A pair of tell-tale boots stomped against the floorboards behind him, and Oluwande knew then that the silence was not, in fact, an attentive crew, but a signal of bashful fear.
Bashful fear that hit Oluwande like a cannonball and Jim like an ant running at high ant velocities: it didn’t hurt, but Jim was acutely aware of it.
“Wonderful presentation.” Blackbeard got closer to Oluwande and Jim and clapped them on their shoulders. “Surely could’ve been done with a bit more pizzazz, but I understand you were working on short notice.”
As Blackbeard walked through Oluwande and Jim and towards the table, Lucius attempted to slouch and slip himself under, but Wee John grabbed him by the crook of his arm, a firm believer in the ‘all or nothing’ school of thought.
Blackbeard hummed and laughed a little to himself as he scanned the drawings. “I didn’t realize how quiet we were about it. Neither of us are exactly known for how secretive we are.”
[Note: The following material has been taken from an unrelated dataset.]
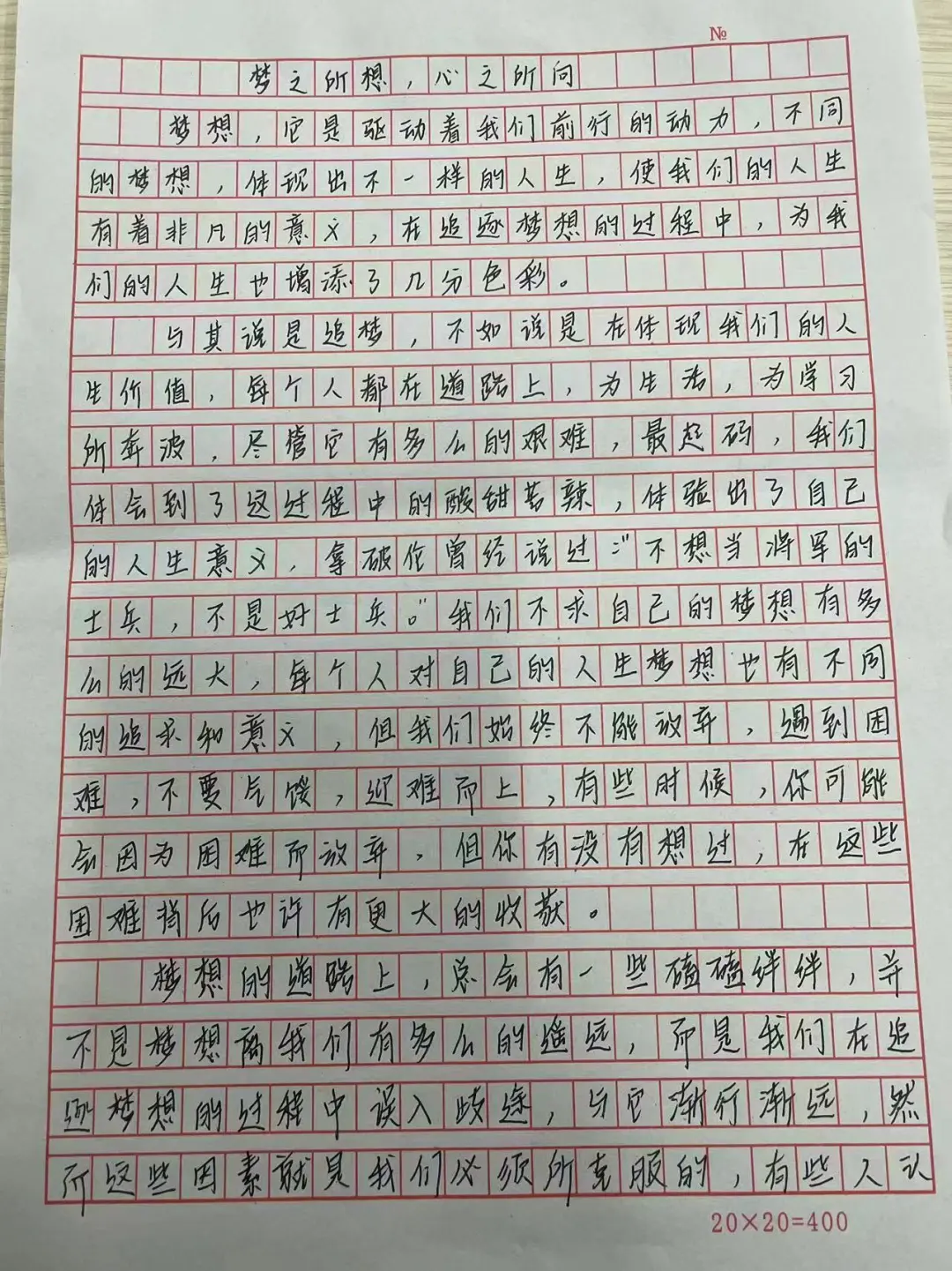 在这个充满机遇和挑战的时代,梦想是我们前进的动力。本次活动以梦想为主题,要求同学们手写创作原创文章。希望通过这种方式,让大家更深入地思考自己的梦想,以及如何在逐梦路上前行。通过书写自己的追梦心语,同学们可以更加清晰地认识到自己的目标和追求,找到为之努力奋斗的方向。

“About…what.” Jim feared they knew the answer to this already, speaking slowly, carefully.
He shrugged. “Us.”
This incited a number of reactions. A sigh from Jim, a nod that said ‘I guess that makes sense’ from Oluwande, horrified gasps from Wee John and Black Pete, various eyebrow scrunches, and most notably, a silver exchange from Frenchie to Roach, the latter with a disgruntled frown. Roach, louder than he thought he was, examined the silver with a pointed remark of, “I told you, Blackbeard would never groan of a ‘stomachache’.”
“I thought he ate some bad fish! It happens to everyone! The fish don’t get cooked properly and they steal your soul! It happens to everybody, Roach!”